Q – James Toon) What use cases do you see this in?
A) I think that this use case is pretty good for discovering content of a journal or article or publication as per this analysis. Loads of structure around lots of documents in a collection with these topics. So you can think about images as a method of interaction for items. Lots of possibility for enhancing interface. My two use cases are browsing documents – I have the fond memory of browsing the library as a UG reading books I didn’t expect to find. Much harder to do that on the web. If you start following these things you start finding bits of the web that you didn’t know about. Serendipitous discovery in DSpace doesn’t work, but would be nice to have on top. The other use case is about what’s going on in a particular environment and who is working on similar things
Q – James) And there is a use case with image navigation around foreign language discovery
A) I only did this quickly. But there is work in the school to break up videos into subjects and index against Wikipedia. It gives such a lot of structure to the videos in a way that it’s hard to do without unstructured searching – I don’t think you could do that with triples
Q – Patrick) Another use case would be wear to publish a paper based on what topics it hits. Any work on co-occurrence?

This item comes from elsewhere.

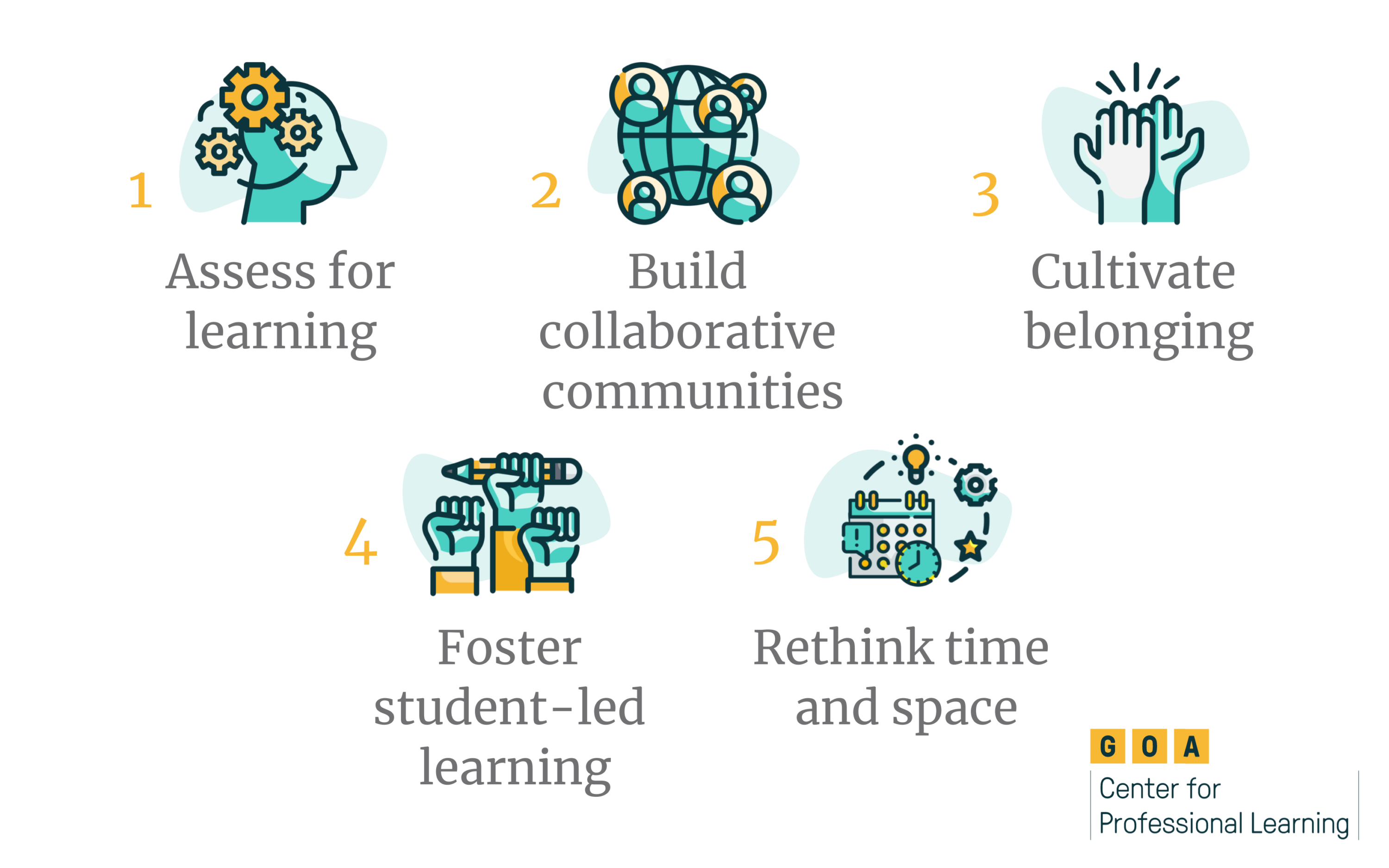 At GOA, we learn from, engage with, and contribute to thought leadership across the teaching and learning field. We engage with our member schools as learners, highlighting best practices from their schools and classrooms. This leads to highly curated and impactful resources, examples, and ideas. Our professional learning offerings feature helpful playlists that quickly empower educators to move from exploration to action.

A) Only at document level here but there is work on near co-location but on a different understanding of topic and distribution. Haven’t seen anything definitive but very interesting idea. When you see a document coloured word by word according to topic that can be good for the reader but can be problematic. Monte Carlo method is quite a subtle way to understand the data
Q) any tie up between this work and data extraction work?
A) I haven’t seen any but that doesn’t mean there isn’t. Any way to disambiguate tokens and count them would work with this model though
Q – Phil) Any idea how deep you could go with this? Could you stick to disciplines, sub disciplines etc?

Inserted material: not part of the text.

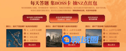 第一种:通过答题获得BOSS卡片,每天可直接获取3个题目,完成通关猎场任务可刷新一次,每日最多6次,每个题目有两次机会回答,对于熟悉游戏的玩家,这些题应该无法难倒你们吧!不过万一遇到不确定的答案,也不要紧,论坛网友可以帮助你答题,直接活动网页点击【前往逆战社区答题攻略】即可获取正确答案。

A) Yes, applying to just informatics and 128 topics seems to work and make sense. And there have been attempts to build that into the model so you can specify sub topics etc.
Ian Stuart is chairing our second set of Pecha Kuchas this afternoon – and there will be a prize for the best again.
Robin Taylor/Ianthe Hind – University of Edinburgh
DSPace for REF – requirements is that it is about publications and publications per researcher expressed in XML and in such a format that they can be filtered through to be the ones they want considered for the REF.
The problem with repositories full of papers however is that you have the issue of author disambiguation. Perhaps you don’t need to, perhaps you let the researchers do this themselves so you enable them but don’t fix all the issues.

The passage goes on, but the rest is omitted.